Si l’on se fie à ce graphique, on constate que la marque Volkswagen a subi une baisse considérable de son chiffre d’affaires entre 2015 et 2016, or les nombreuses marques commercialisées par Volkswagen Group, telles que Audi, Porsche, Skoda et Seat ont subi une augmentation de leur volume de ventes. On peut alors supposer, de manière hypothétique, que la confusion entre Volkswagen Group et la marque Volkswagen avantage Audi, Seat et Skoda. Certes, le groupe a affirmé que  les nombreux types de véhicules qu’il commercialise ont aussi fraudé, mais ces annonces ont été beaucoup moins médiatisées. De plus lorsqu’elle l’étaient, c’était sous le nom du Groupe Volkswagen.

 

Un engagement  dans le domaine électrique

 

http://news.autoplus.fr/Volkswagen/I.D/Volkswagen-I.D-Concept-Voiture-electrique-Detroit-2017-1511722.html

 

Alors que Volkswagen tente de se relever de sa chute de septembre 2015, ses dirigeants ont trouvé un moyen de surmonter l’obstacle du Dieselgate.
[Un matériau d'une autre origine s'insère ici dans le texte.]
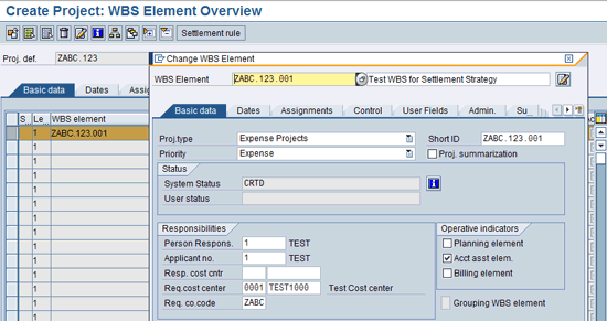 I create two projects: ZABC.123 with WBS ZABC.123.001 and ZABC.456 with WBS ZABC.456.001 with expense project profiles ZABC001. Both WBS elements are assigned with requesting cost center TEST1000 in the WBS master data.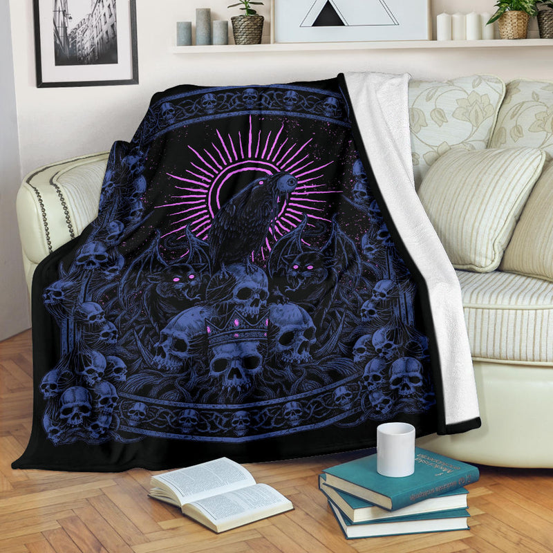 Skull Crown Demon Cat Crow Throne Blanket Night Blue Pink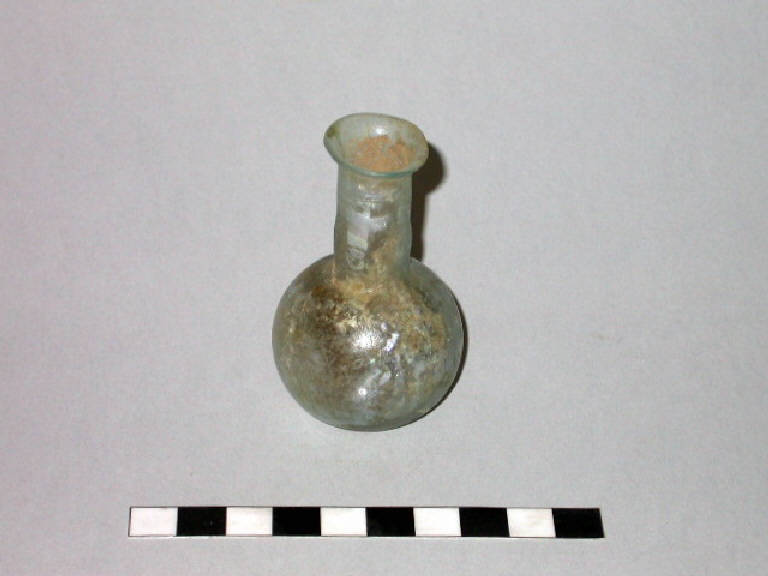 Balsamario in vetro grigio - azzurro con orlo estroflesso, collo cilindrico e corpo globoso.

Voici la Volkswagen I.D., présentée au salon de l’automobile de Paris (2016). Dotée d’une autonomie de 600 km elle ne dégage aucunes particules. Selon  Matthias Müller, la voiture électrique serait l’avenir. Il souligne que le groupe va développer plus de 30 véhicules électriques, en espérant en vendre plus de 1 million par année d’ici 2025. C’est ainsi que Volkswagen continuera son expansion tout en jettant le “Dieselgate” aux oubliettes. Voici, le virage stratégique que le groupe entreprend de prendre à l’électrique et qui s’avérera sinueux face à ses concurrents qui ont tous bien saisi les nouveaux enjeux du moteur électrique.